* HOW TO COMPLETE THIS TASK *
Would you restate each entry word for word, omitting the pictures?

* TASK INPUTS *
================================
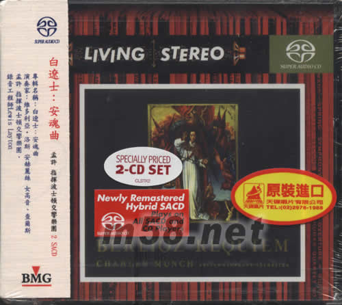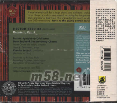 HECTOR BERLIOZ(1803-1869) REQUIEM,OP。5 BOSTON SYMPHONY ORCHESTRA NEW ENGLAND CONSERVATORY CHORUS LORNA COOKE DE VARON ,DIRECTOR LEOPOLD SIMONEAU,TENOR CHARLES MUNCH CONDUCLOR (RECORDED IN 1959) PRODUCED BY RICHARD MOHR RECORDING ENGINEER:LEWIS LAYTON REMASTERED OF SOUNDMIRROR,INC
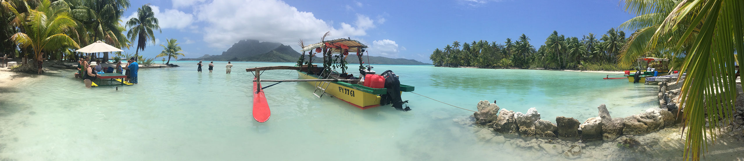 Got up ready for a fifth day of snorkeling. Vaiatiare of Maohi Nui recently moved to Bora Bora from San Bernardino to help out her dad. A colorfully decorated boat took us out to the first stop to swim with Lemon and Black Tip sharks. After 5 minutes the current took us so far out, one of the boat captains was yelling to come back in. I started back but barely made any progress against the current. I started to struggle and worried about being able to get to the boat. I finally made it to one boat but was so exhausted I had to be pulled to my boat 30 yards away. Luckily I wasn't the only one since Karen and at least 2 others needed help. For some reason, fighting the current made me seasick. Next stop was only 5 feet deep where we swam with sting rays and more sharks. Third stop was in 20 feet of water to see reef fish and I wasn't going to chance floating to Papeete again. Finally we travelled to a private motu, a coral island, to meet Patrick the owner and Vai’s father. In a shallow lagoon, looking at Otemanu, the highest peak on the island, pretty much perfect spot. Lunch of Kalua pig, chicken lau lau, poisson cru, grilled tuna and mahi, plantains, and banana poi really hit the spot. Patrick concluded the day with a Tahitian fire dance. Throughout the day, the boat captain sang and played the ukulele while Vai did the hula. Overall a very good excursion except for almost floating away.
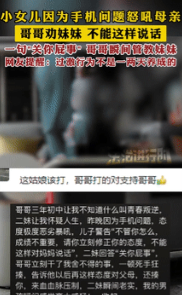 事情的起因,是13岁的妹妹沉迷手机游戏,每天熬到半夜,妈妈担心伤眼睛,趁她睡觉时收了手机,没想到小敏醒来发现手机不见,立刻冲着妈妈发火,她把抱枕摔在地上,还冲妈妈尖叫“你凭什么管我”,连哥哥过来劝她“跟妈妈说句软话”,都被她吼“关你屁事”。
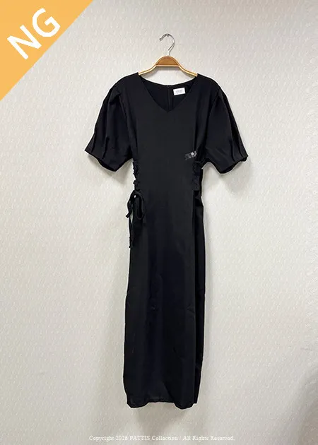 / NG品 / 側綁帶縮腰洋裝(黑)
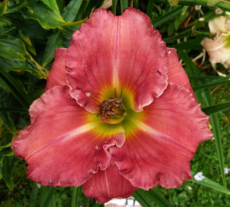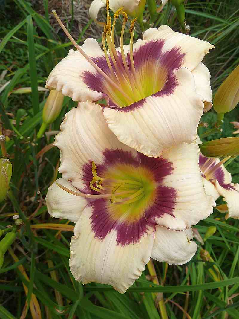 ein paar Geäugte blühten gestern auch, darunter eine bisher doch etwas enttäuschende Sorte Firecracker Parade. Registriert mit 6-fach-Verzweigung und 45 Knospen sowie einer Größe von 15 cm und einer Höhe von ca. 65 cm bringt sie es im dritten Sommer zum ersten mal zu Blütenstängeln von ganzen 30cm Hühe, einem Blütendurchmesser von etwa 10cm und 4-5 Knospen pro Stiel ohne Verzweigung. Ob sich das wohl noch ändert?
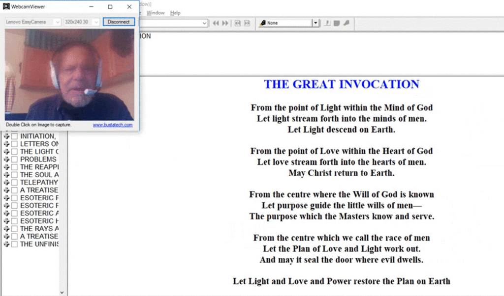 | I’d actually like to begin with the great invocation and then show you the chart for the beginning of this endeavor. So let’s align with this great word of power. We will align with the forces of light, of love, and of power, spiritual will with humanity as a whole. | Thực tế, tôi muốn bắt đầu với Đại Khấn Nguyện và sau đó cho bạn thấy biểu đồ cho sự khởi đầu của nỗ lực này. Vì vậy, hãy chỉnh hợp với linh từ quyền năng này. Chúng ta sẽ chỉnh hợp với các mãnh lực của ánh sáng, tình thương, và quyền năng, ý chí thiêng liêng với nhân loại nói chung. |
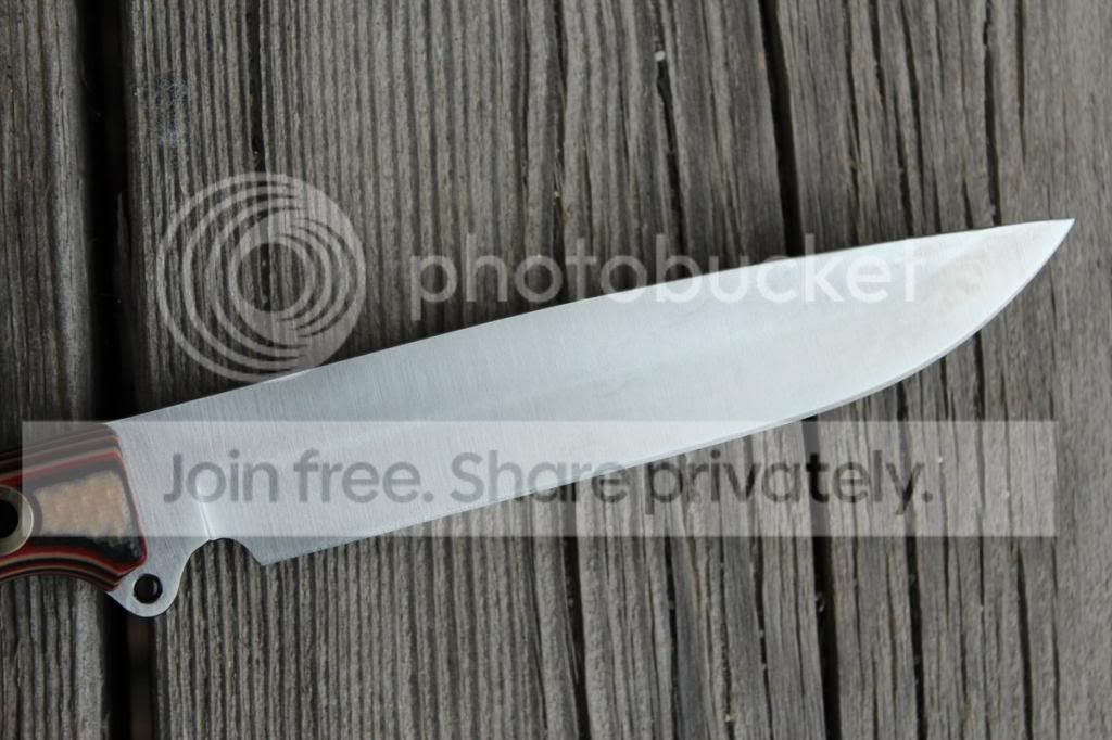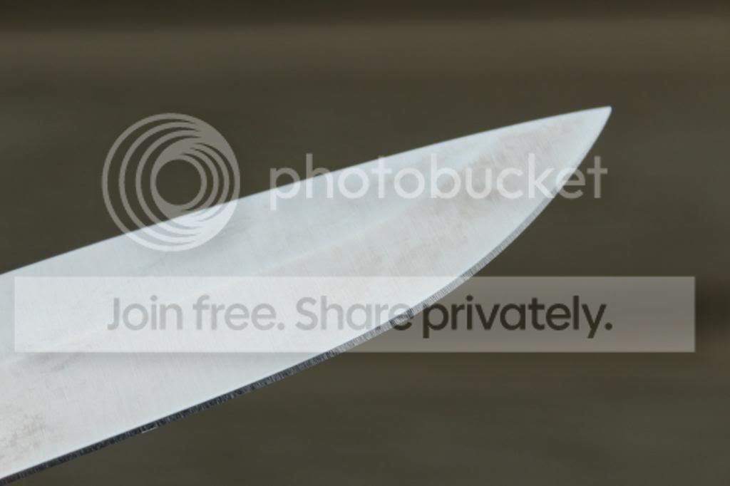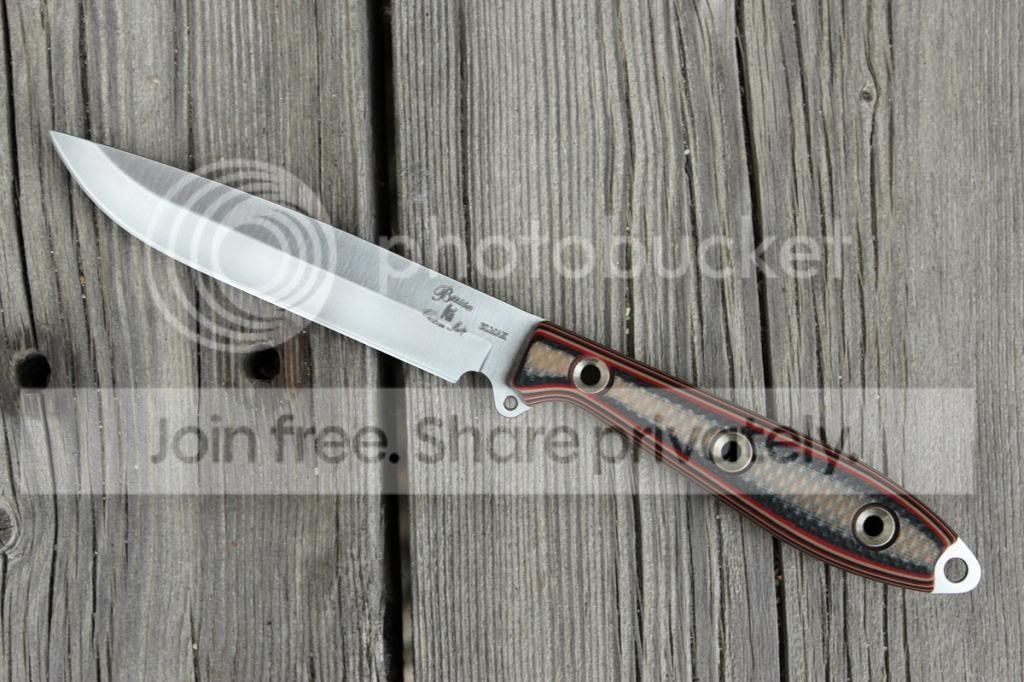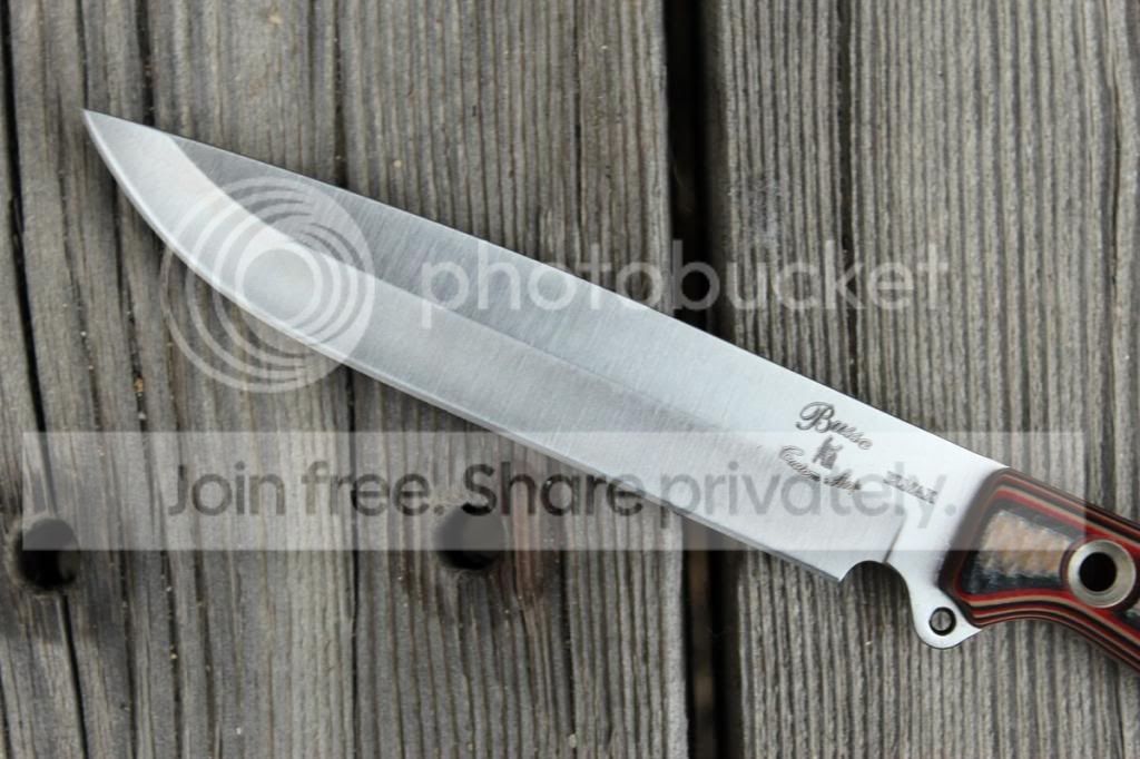 Selling this awesome steak knife from the last Ganza. It's in like new condition. I carved up a slow cooked smoked brisket with it, then thoroughly cleaned and coated in baby oil. Only flaws are some very light patina marks (I'm guessing), these came from the factory. (see pictures) Didn't bother me much, it was gonna be a kitchen knife for me, but I realized I could use money for an upcoming knife show now... same ol' story.
================================
* EXPECTED ANSWER *
 HECTOR BERLIOZ(1803-1869) REQUIEM,OP。5 BOSTON SYMPHONY ORCHESTRA NEW ENGLAND CONSERVATORY CHORUS LORNA COOKE DE VARON ,DIRECTOR LEOPOLD SIMONEAU,TENOR CHARLES MUNCH CONDUCLOR (RECORDED IN 1959) PRODUCED BY RICHARD MOHR RECORDING ENGINEER:LEWIS LAYTON REMASTERED OF SOUNDMIRROR,INC
 Got up ready for a fifth day of snorkeling. Vaiatiare of Maohi Nui recently moved to Bora Bora from San Bernardino to help out her dad. A colorfully decorated boat took us out to the first stop to swim with Lemon and Black Tip sharks. After 5 minutes the current took us so far out, one of the boat captains was yelling to come back in. I started back but barely made any progress against the current. I started to struggle and worried about being able to get to the boat. I finally made it to one boat but was so exhausted I had to be pulled to my boat 30 yards away. Luckily I wasn't the only one since Karen and at least 2 others needed help. For some reason, fighting the current made me seasick. Next stop was only 5 feet deep where we swam with sting rays and more sharks. Third stop was in 20 feet of water to see reef fish and I wasn't going to chance floating to Papeete again. Finally we travelled to a private motu, a coral island, to meet Patrick the owner and Vai’s father. In a shallow lagoon, looking at Otemanu, the highest peak on the island, pretty much perfect spot. Lunch of Kalua pig, chicken lau lau, poisson cru, grilled tuna and mahi, plantains, and banana poi really hit the spot. Patrick concluded the day with a Tahitian fire dance. Throughout the day, the boat captain sang and played the ukulele while Vai did the hula. Overall a very good excursion except for almost floating away.
 事情的起因,是13岁的妹妹沉迷手机游戏,每天熬到半夜,妈妈担心伤眼睛,趁她睡觉时收了手机,没想到小敏醒来发现手机不见,立刻冲着妈妈发火,她把抱枕摔在地上,还冲妈妈尖叫“你凭什么管我”,连哥哥过来劝她“跟妈妈说句软话”,都被她吼“关你屁事”。
 / NG品 / 側綁帶縮腰洋裝(黑)
 ein paar Geäugte blühten gestern auch, darunter eine bisher doch etwas enttäuschende Sorte Firecracker Parade. Registriert mit 6-fach-Verzweigung und 45 Knospen sowie einer Größe von 15 cm und einer Höhe von ca. 65 cm bringt sie es im dritten Sommer zum ersten mal zu Blütenstängeln von ganzen 30cm Hühe, einem Blütendurchmesser von etwa 10cm und 4-5 Knospen pro Stiel ohne Verzweigung. Ob sich das wohl noch ändert?
 | I’d actually like to begin with the great invocation and then show you the chart for the beginning of this endeavor. So let’s align with this great word of power. We will align with the forces of light, of love, and of power, spiritual will with humanity as a whole. | Thực tế, tôi muốn bắt đầu với Đại Khấn Nguyện và sau đó cho bạn thấy biểu đồ cho sự khởi đầu của nỗ lực này. Vì vậy, hãy chỉnh hợp với linh từ quyền năng này. Chúng ta sẽ chỉnh hợp với các mãnh lực của ánh sáng, tình thương, và quyền năng, ý chí thiêng liêng với nhân loại nói chung. |
 Selling this awesome steak knife from the last Ganza. It's in like new condition. I carved up a slow cooked smoked brisket with it, then thoroughly cleaned and coated in baby oil. Only flaws are some very light patina marks (I'm guessing), these came from the factory. (see pictures) Didn't bother me much, it was gonna be a kitchen knife for me, but I realized I could use money for an upcoming knife show now... same ol' story.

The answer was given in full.